__Assignment__
In the entries below, print exactly the lines from the first through the one with "Состав:Лапша удон,Курица,Перец болг,Фасоль,Брокколи,Лук", both included, and none of the pictures.

[Start of Attachment]

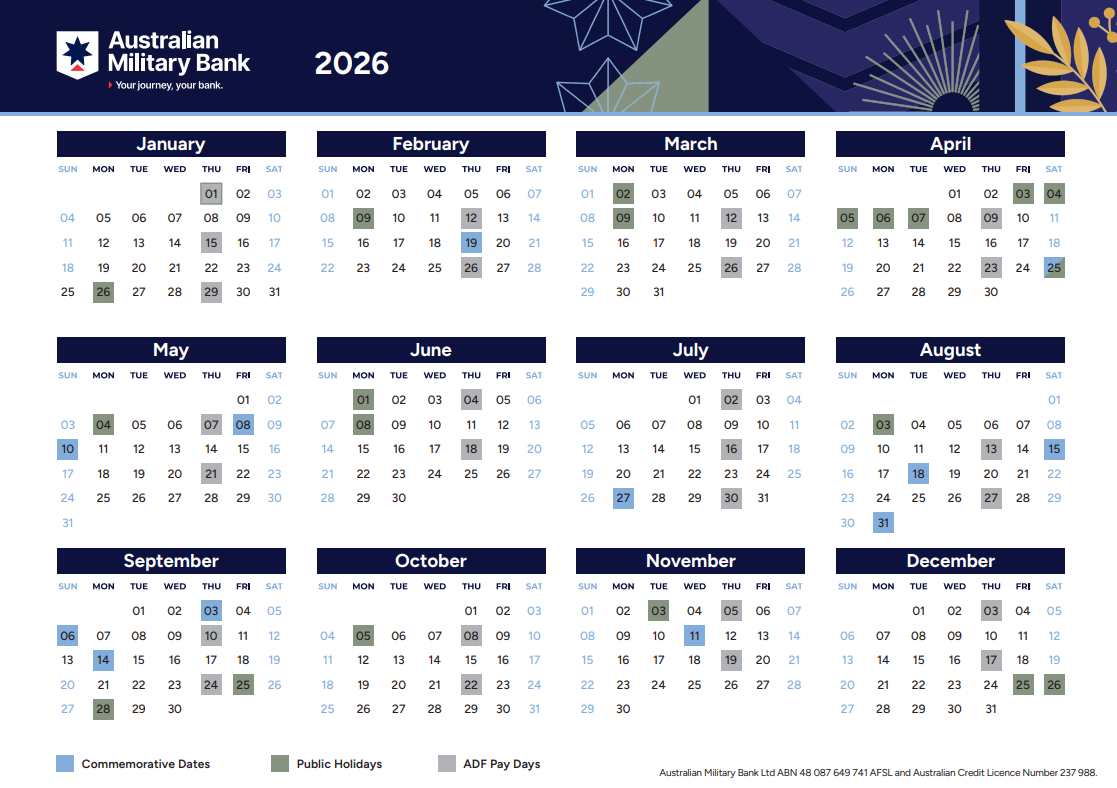 To view Australian Military Bank's terms and conditions visit: Disclosure Documents | Australian Military Bank
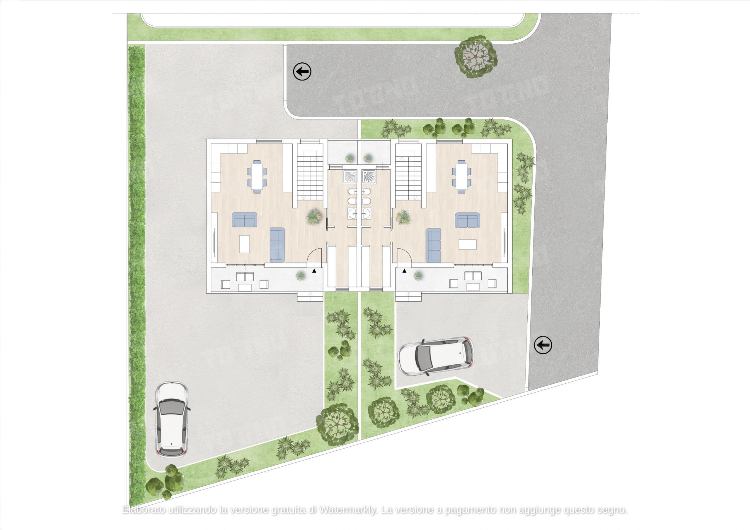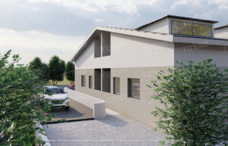 Progetto architettonico per due unità indipendenti, con spazi interni razionali e aree esterne vivibili;
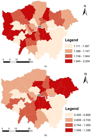 District-level crime rates (cases per 1000 persons) across London in April 2020. (a) Violence-against-the-person rate (values grouped into quantiles); (b)Theft and handling rate (values grouped into quantiles)
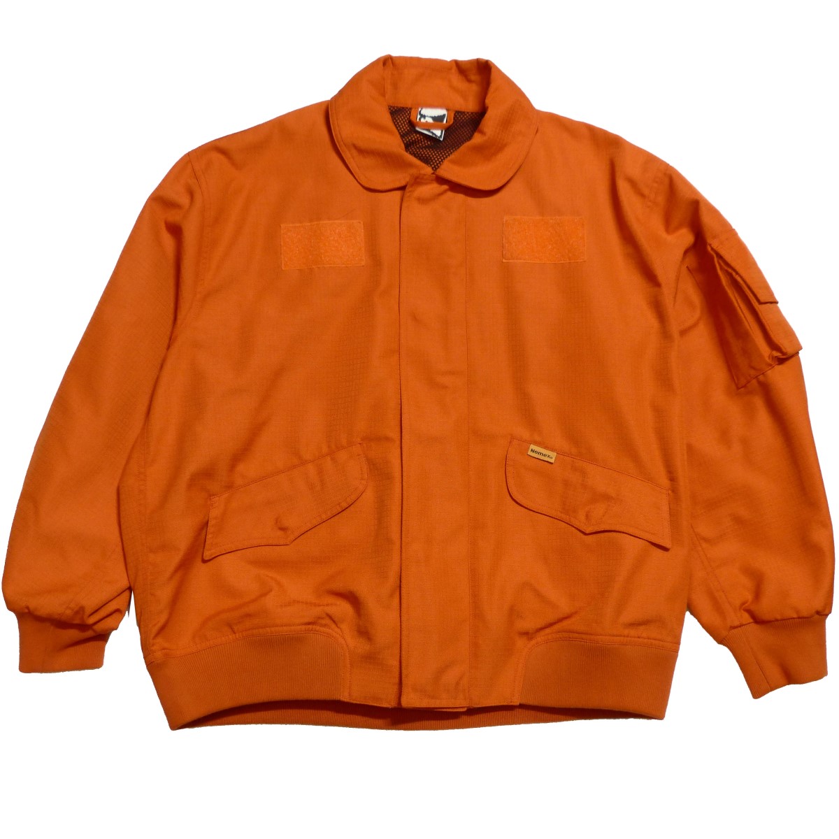 ぱきっとしたオレンジが特徴的なGR10K/ジーアールテンケーのNOMEX FLIGH JACKETです。身幅が少し広めに作られてますが、丈が短くウエストゴムもしっかりしているので綺麗なシルエットになっています。
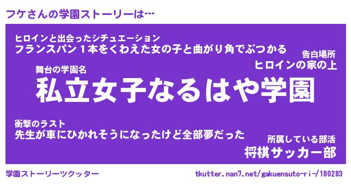 | 告白場所 先生の家の上 …「ふぃぎゅこ」 | 2月17日 06:24 |
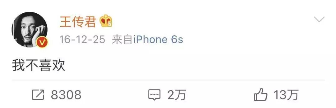 但是王传君发声了,简单的四个字,“我不喜欢”,很真实,也很有力量。
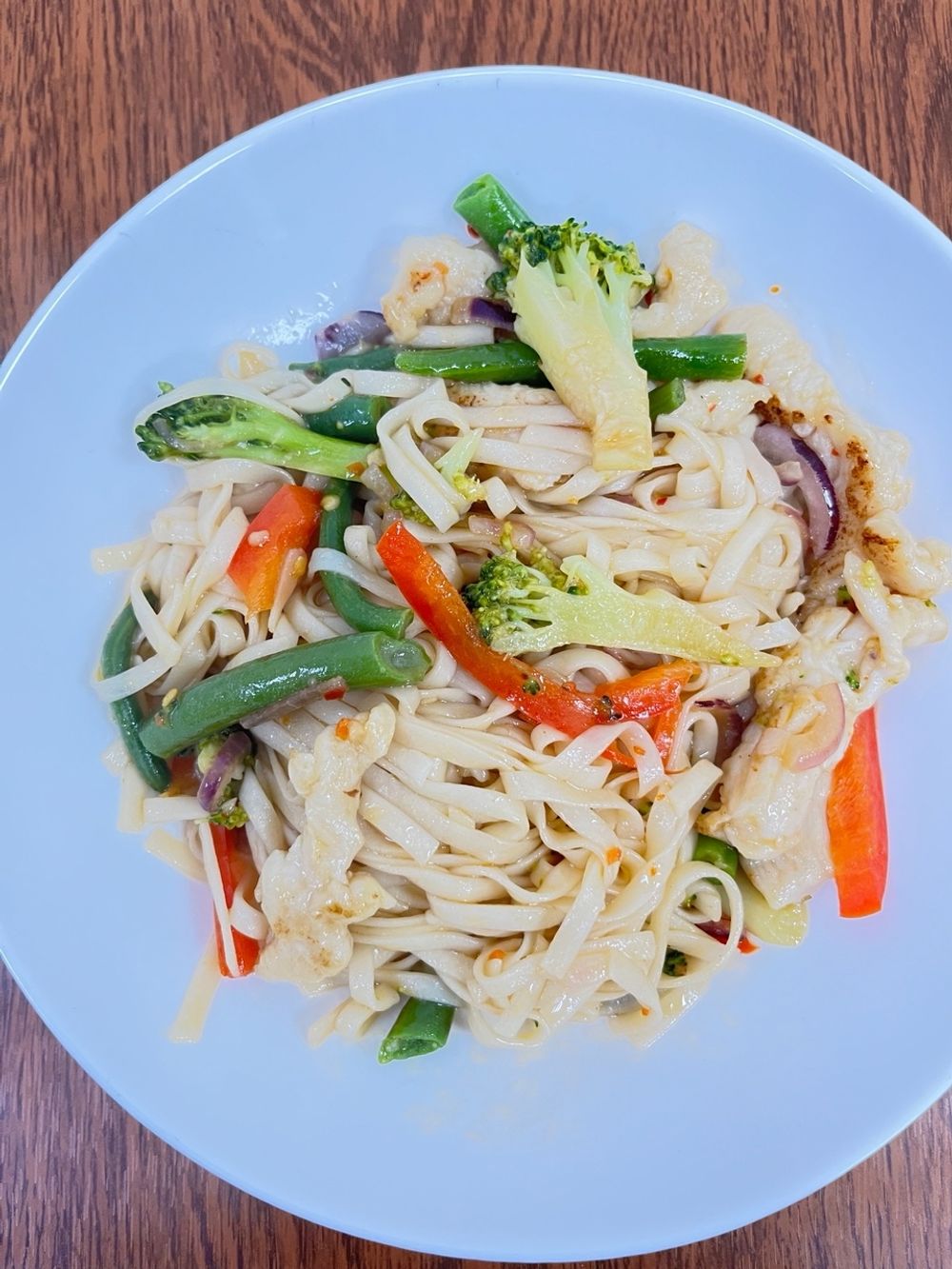 Состав:Лапша удон,Курица,Перец болг,Фасоль,Брокколи,Лук красный,Соус Сладкий чили.
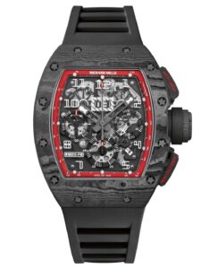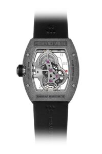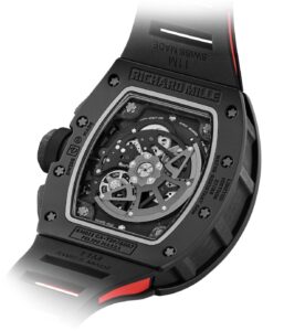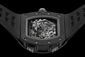 ケース素材にはカーボンTPT®やチタンが使用され、極限までの軽量化と高い耐久性を追求します。 さらに、内部のトゥールビヨン機構は、重力の影響を極力抑え、高精度な時間計測を可能にします。 スケルトン構造のムーブメントは、わずか9.5gという軽量設計で、リル・シャール・ミルの技術力の結晶といえます。
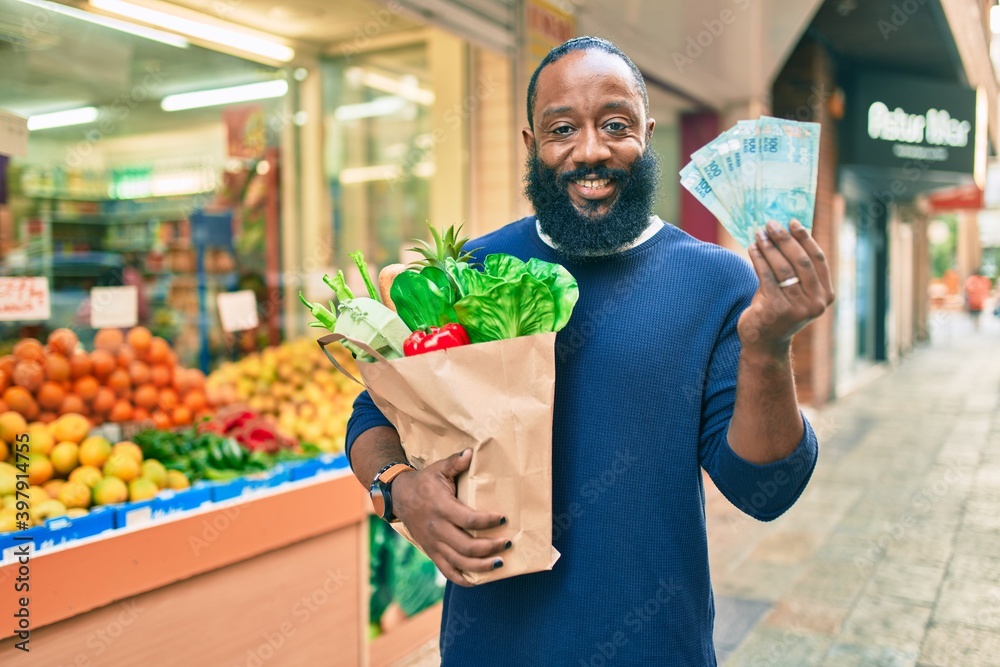 African american man with beard holding paper bag of groceries from supermarket showing 100 brazilian reals banknotes
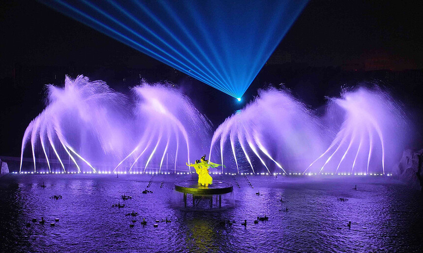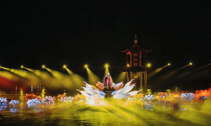 天臺始豐湖和合文化主題行浸式濱水夜游。以“和合文化”為核心表達,發掘及利用天臺地方文化和歷史故事,建設“詩心自在”文旅高地,打造“現代化和合之城”文旅新引擎,帶領市民游客于始豐湖的山水神秀和魅力光影之中體悟佛宗道源的絕美境界。榮獲2024年沉浸式夜游演繹“靈境獎”,入選浙江省夜間文化和旅游消費新業態新場景新產品優秀案例、2024年浙江省幸福河湖“十佳水旅融合景點”、浙江省第二批文化基因激活工程標志性項目。

[End of Attachment]

__Output for this exercise__
 To view Australian Military Bank's terms and conditions visit: Disclosure Documents | Australian Military Bank
 Progetto architettonico per due unità indipendenti, con spazi interni razionali e aree esterne vivibili;
 District-level crime rates (cases per 1000 persons) across London in April 2020. (a) Violence-against-the-person rate (values grouped into quantiles); (b)Theft and handling rate (values grouped into quantiles)
 ぱきっとしたオレンジが特徴的なGR10K/ジーアールテンケーのNOMEX FLIGH JACKETです。身幅が少し広めに作られてますが、丈が短くウエストゴムもしっかりしているので綺麗なシルエットになっています。
 | 告白場所 先生の家の上 …「ふぃぎゅこ」 | 2月17日 06:24 |
 但是王传君发声了,简单的四个字,“我不喜欢”,很真实,也很有力量。
 Состав:Лапша удон,Курица,Перец болг,Фасоль,Брокколи,Лук красный,Соус Сладкий чили.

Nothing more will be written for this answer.